В любом сколько-нибудь значительном собрании — будь то симпозиум, конференция или заседание ученого совета — для Евгения Трифонова независимо даже от того, Предстояло ему самому выступать на этом собрании или нет, был один особенно волнующий момент. Преддверие собрания, то, что про себя Трифонов обычно называл «съездом гостей», минуты, которые предшествовали началу заседания, когда по появлению или, наоборот, непоявлению того или иного именитого участника заседания уже можно было судить, какая степень важности придается обсуждаемому вопросу, когда за мимолетными шутками, приветственными кивками, короткими — в две-три фразы — разговорами опытному взгляду, посвященному человеку приоткрывалось то настроение, те позиции, те взаимоотношения, которые потом во многом и определяли ход заседания. И сам Трифонов любил эту атмосферу — смесь озабоченности и неофициальности, деловитости и шутливости, — она невольно придавала ему чувство собственной значительности и необходимости. Ощущение причастности к тому, что принято называть научным миром, которое доставляло ему особое удовольствие еще в аспирантские времена, казалось, и теперь еще требовало постоянного подтверждения и помогало ему преодолевать давнее и глубоко затаенное чувство неуверенности в себе.

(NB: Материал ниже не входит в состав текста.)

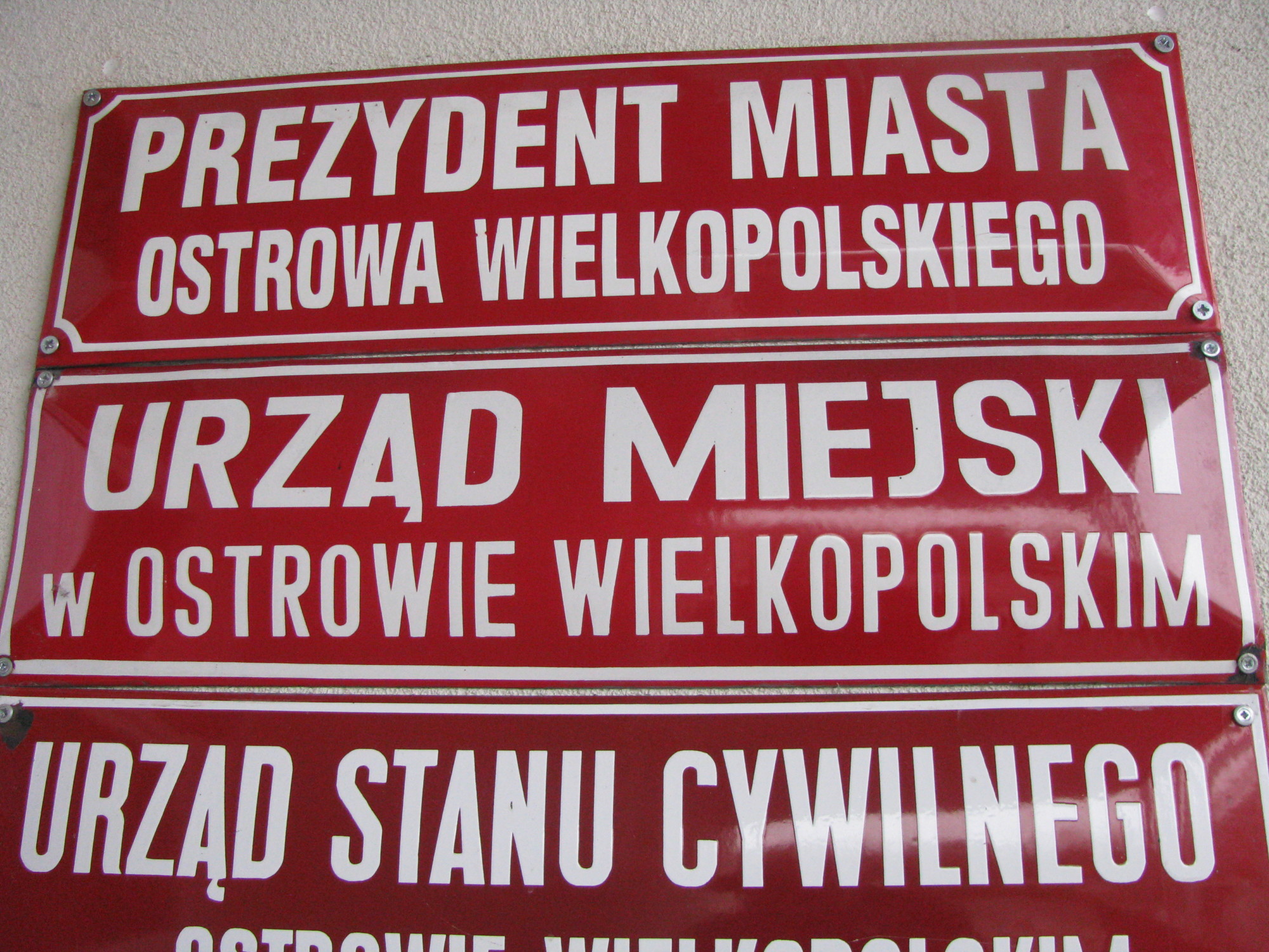 Przekraczając drzwi gruntownie zmodernizowanego przybytku dowiadujemy się, że jesteśmy w instytucji pod nazwą „Urząd Miasta w Ostrowie Wielkopolskim”. Co innego, gdybyśmy zechcieli odwiedzić główny gmach magistratu. Tam, jak do tej pory, wita nas cały szereg czerwonych tablic. Wśród nich ta z napisem „Urząd Miejski w Ostrowie Wielkopolskim”. Czym prędzej wchodzimy więc na oficjalny portal miejski. W zakładce z danymi teleadresowymi znajdujemy wersję z przymiotnikiem – „Urząd Miejski w Ostrowie Wielkopolskim”.
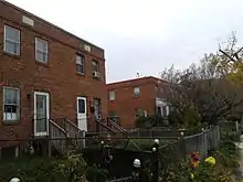 Parker-Gray was primarily rural for much of the eighteenth century; one of the few structures which stood there was the powder magazine for the city of Alexandria, built far away from the center of town as a potential fire hazard;[49] this was demolished around 1818 as more buildings began to be constructed in its vicinity.[54] A handful of houses were built at the beginning of the nineteenth century. The most prominent of these was Colross, which has since been moved to Princeton, New Jersey; no trace of it, or any of the other houses, remains visible.[54] Railroad tracks had been laid through the neighborhood by the time of the American Civil War, during which the Union Army made use of many vacant sites for a variety of purposes. No trace of these remains, either.[54] During and after the war what is today Parker-Gray became a haven for freed blacks and escaped slaves. By the middle of the twentieth century it had become a well-respected middle-class neighborhood. Samuel Wilbert Tucker led a sit-in at the Kate Waller Barrett Library in the neighborhood in August 1939;[49] Tucker's house still stands in the district.[55] More recently, a large new public housing development was built in the neighborhood in 1988.[54] Parker-Gray saw much growth beginning in the mid-1980s; many of the newer buildings were constructed in a style which blends in with the older structures which surround them.[54]
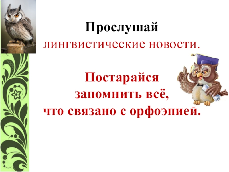 Орфоэпия от греч. orthos – прямой, правильный, epos – речь. Это совокупность правил нормативного литературного произношения.

— Евгений Михайлович, я вас приветствую!..
— Добрый день, Евгений Михайлович!..
— …ваша статья… там, знаете ли, есть одно очень любопытное наблюдение…
— …Константин Афанасьевич?.. Нет, его не будет… Он же в Англии…
— …утвердили, уже утвердили, как же…
— …двухкомнатная, в кооперативе…
Трифонов знал, что как раз эти минуты нередко оказываются самым удобным, самым подходящим временем, чтобы словно мимоходом, между прочим, решить важное дело, вскользь выяснить чье-то мнение по занимающему тебя вопросу, договориться, обсудить, согласовать… «Умение ориентироваться — вот что придает нам уверенность», — не раз думал он. В конечном счете, это общий закон для всего живого. Жизнь и способность к ориентации неразрывны. Пожалуй, ничто не вызывает у живого существа большей тревоги, неуверенности, чем потеря ориентировки. Иногда Трифонов был не прочь порассуждать на эту тему, — разумеется, скорее шутя, чем всерьез. Но шутки шутками, а умение ориентироваться в этих, казалось бы, случайных разговорах, репликах, взглядах доставляло Трифонову почти физическое наслаждение…
И вот сегодня изменило ему это его умение…
— Да не терзай ты себя так, — сказала Галя, — ну выступил не очень удачно, ну боже мой, смотри-ка, мировая трагедия!
— Откуда ты взяла, что я терзаюсь? — ответил Трифонов. Эта ее проницательность, ее чуткость, ее готовность утешать и защищать его с каждым годом раздражала Трифонова все больше и больше. — По-моему, я никогда не скрывал своего мнения о Новожилове. Я высказал то, что думал, почему я должен жалеть об этом?..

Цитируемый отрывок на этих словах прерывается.